We worked with the Governor’s office to clarify the New York law. In an Executive Order, the Governor made it clear VOLUNTARY travel to a state that is deemed to be unsafe is not eligible for Paid Sick leave. Please understand that only applies to VOLUNTARY travel. Conversely, if you, as a company, send someone to work on one of those states, and that person upon their return cannot work remotely, you will have to pay them Paid Sick Leave for the 14-day quarantine.

The issue now switches to the federal law passed under the Family First Corona Recovery Act, the FFCRA. Under that law, employers must provide Paid Sick Leave to someone quarantined due to COVID. However, like New York, the law isn’t clear about VOLUNTARY travel.  What is clear though is that some people are trying to take advantage of the ambiguity to get a longer paid vacation. And who’s to blame to them?

As we did with New York, we sought clarification. We spoke to members of Congress on both sides of the aisle, Democrats and Republicans, who agreed that VOLUNTARY activity was not intended to be covered under the FFCRA.  We’re also still seeking an opinion from the federal Department of Labor to support that position. But as you might expect they’re a little slow with their response.

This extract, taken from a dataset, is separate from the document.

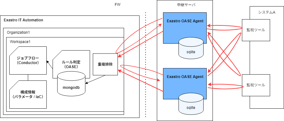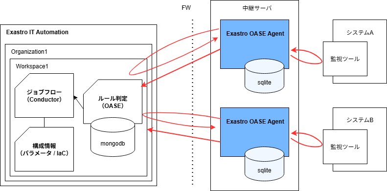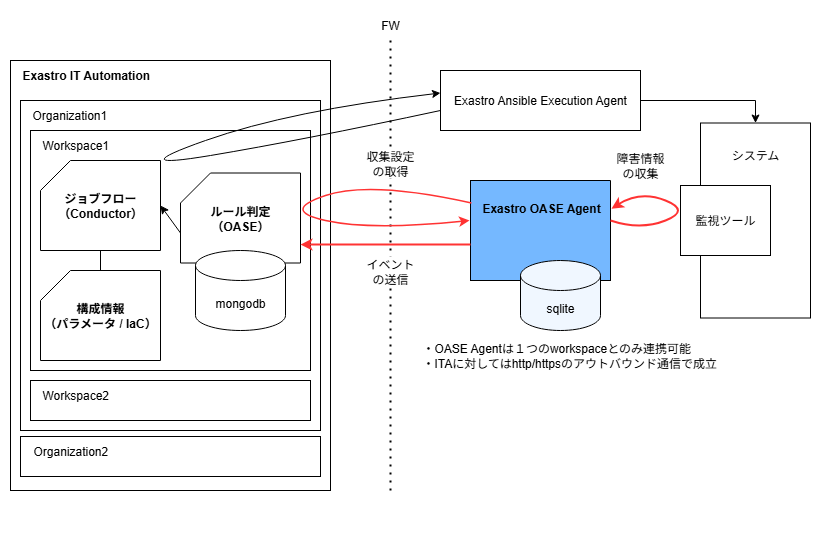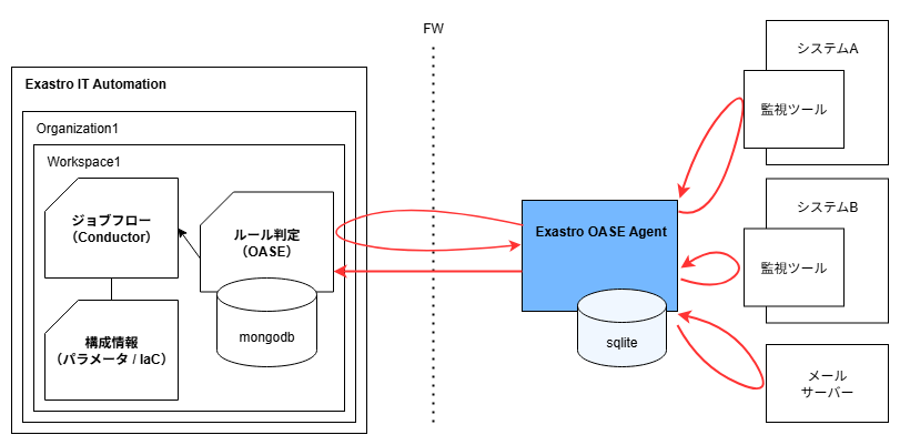 OASE Agentから収集対象サーバ および Exastro IT Automation に対してアウトバウンド通信できる必要があります。

Where does that leave you as an employer?  Obviously, if you have an employee that can work remotely after a vacation you should have them work remotely for those 14 days. For those that cannot work remotely, we encourage you to work with your team to find a resolution. That may include you making the choice to pay them for the quarantine as you’ll likely get paid back by the federal government under the FFCRA.  However, if you choose not to take that approach, we believe you are well within your rights to deny them Paid Sick Leave.